Le fil de la vierge que Marcel tire de lui-même après avoir vécu une métamorphose comme celles que l’on trouve représentées sur la toile d’Arachné, c’est le fil dont Arachné tisse sa toile, c’est l’encre métaphorique qui va laisser sur les feuilles les traces formant le texte parfait dans lequel même l’arbitre le plus partial ne va trouver aucune faute. Le fil que Marcel vient de trouver « en allant tout au rebours de [s]a vie naturelle », c’est-à-dire du présent au passé vers lequel le mène sa quête, ce fil se laisse tendre « presque indéfiniment », il devient aussi long que le long roman que Marcel va écrire. Marcel ne sait pas encore à quel jeu dangereux il se laisse entraîner, mais il sent déjà que son œuvre insolente sera punie par un jugement divin. Voilà pourquoi son fil lui semble « le fruit défendu sur l’arbre du mal » ou même l’ultime provocation de Dieu – « le diable ». Edi Zollinger

Université de Munich
eEEntendemos que  a expressão “Le fil de la vierge” em Marcel Proust ganhou um sentido metafórico, simbólico, servindo-se da Metamorfose de Ovídio, pela qual  a tecelã Arachné, por desafiar a deusa Palas, é transformada numa aranha, sendo obrigada a tirar tudo de si mesma. O que o menino vê na folha do lilás – imagens de emoção –o traço prateado e longo,  sem fim visível, o que  representará? Mais tarde, a lembrança desse fio entrará na própria  composição da Recherche, numa sistemática de contagem regressiva, do presente ao passado e do passado ao presente em busca de um caminho intransponível.  Por que Marcel se assusta com a descoberta do traço, considerado fio revelador de fruto proibido sobre a árvore do mal que o fez conhecer o prazer, contemplando, pela janela aberta,  as duas colinas distantes que se assemelhavam a dois seios (seins-collines)?  E este prazer era  desconhecido, original, não sendo substituído por nenhum outro, somente permitido no “cabinet sentant l’iris”. A  figura do diabo aparecia, então,  para ele sob a forma  desse fio de prata que pendia do ramo da árvore, aliado a um sentimento profundo de culpabilidade, que ele não conseguia vencer,  causando-lhe uma prostração e uma angustia que o perseguia como o fantasma da morte.
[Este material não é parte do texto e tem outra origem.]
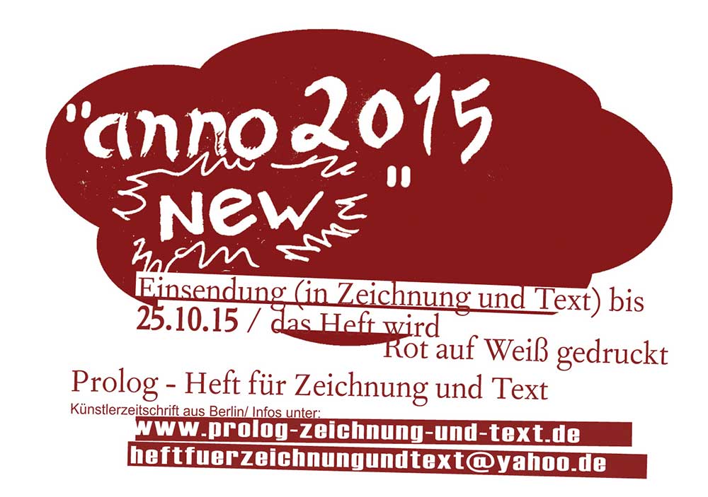 Neue Texte, neue Zeichnungen, was war, was entstand 2015? Mit „anno 2015 new“ will sich Prolog – Heft für Zeichnung und Text dem Neuen widmen. Wer Lust hat, sich mit seiner künstlerischen Arbeit: Entwürfen, Notizen, Skizzen, Ideen, Überlegungen in Zeichnungen und Texten daran zu beteiligen, kann diese für eine mögliche Veröffentlichung einsenden. Und ist auch dazu herzlich eingeladen. Die technische Vorgabe für diese Ausgabe ist, das Heft wird einfarbig Rot auf Weiß gedruckt. Einsendeschluß ist der 25.10.2015. Das Heft soll Ende 2015 erscheinen…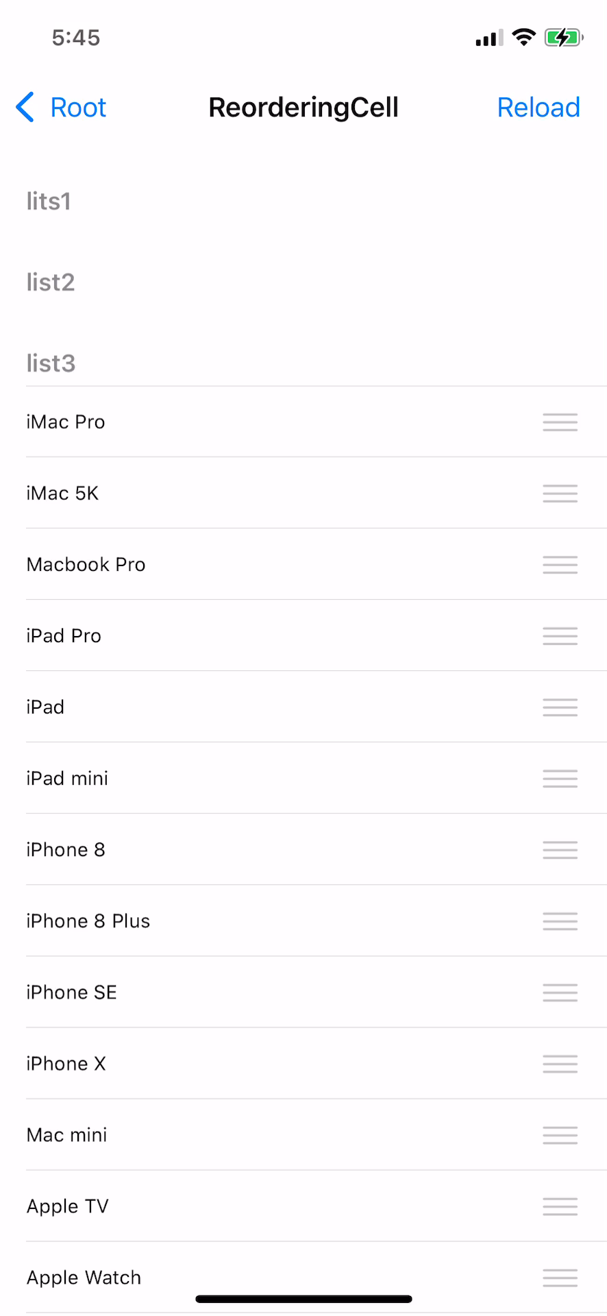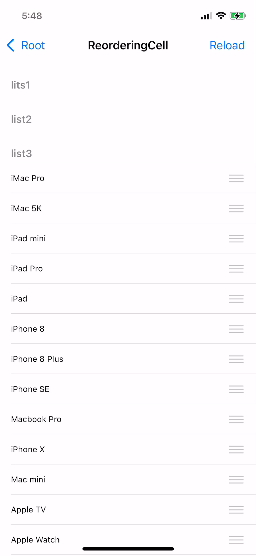 현재까지 적용된 화면을 보면 왼쪽의 여백이 사라졌고, 오른쪽에는 reorderingControl이 잘 표시되며,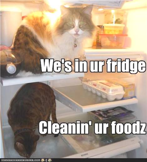 Shoving my cats in the fridge and taking pictures of them was not as easy as I anticipated. I got two shots before they devoured the treats and scampered-off. It was much harder to get them to fill out that job application and sign it though. Those cats are lazy!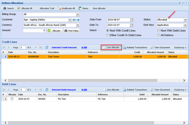 There are two ways to confirm an allocation. allocated column is the amount which has been allocated to the invoice you need to select your credit line and your debit line.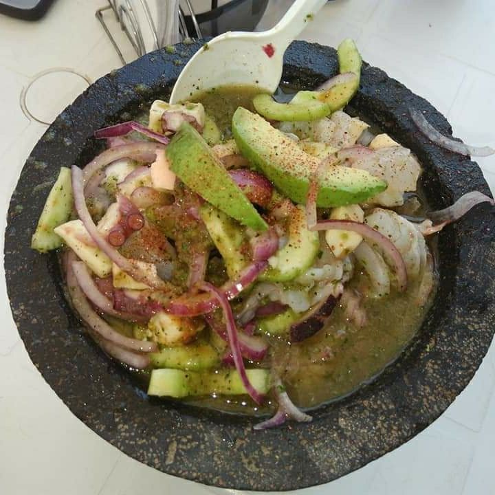 Camaron cocido, ahogado, ceviche especial, pulpo y pescado

        Também ele ousa desafiar o todo poderoso Saint-Beuve, pois toda sua obra é um verdadeiro desafio aos conceitos e ordenamentos pré-estabelecidos da visão literária, sustentáculos da crítica literária de Saint-Beuve, uma verdadeira deusa Pallas.



        Captamos no fim do mito a revelação de que ’Arachné está condenada a  tirar de seu próprio ventre o fio  com o qual tece suas telas voluptuosas, com sua cabeça, braços e pernas atrofiados, ínfimos.  Em seu pequeno mundo,  o escritor Marcel Proust,  como a aranha do mito , impregnado de anseios juvenis,  deu início a sua vida literária, que, mais tarde, seria enriquecida pela À la Recherche Du Temps Perdu, quando tirando tudo dentro de si mesmo, do seu inconsciente,num mergulho profundo nas imensidões do pensamento e impulsionado pela memória, legaria à humanidade uma das mais extraordinárias obras literárias.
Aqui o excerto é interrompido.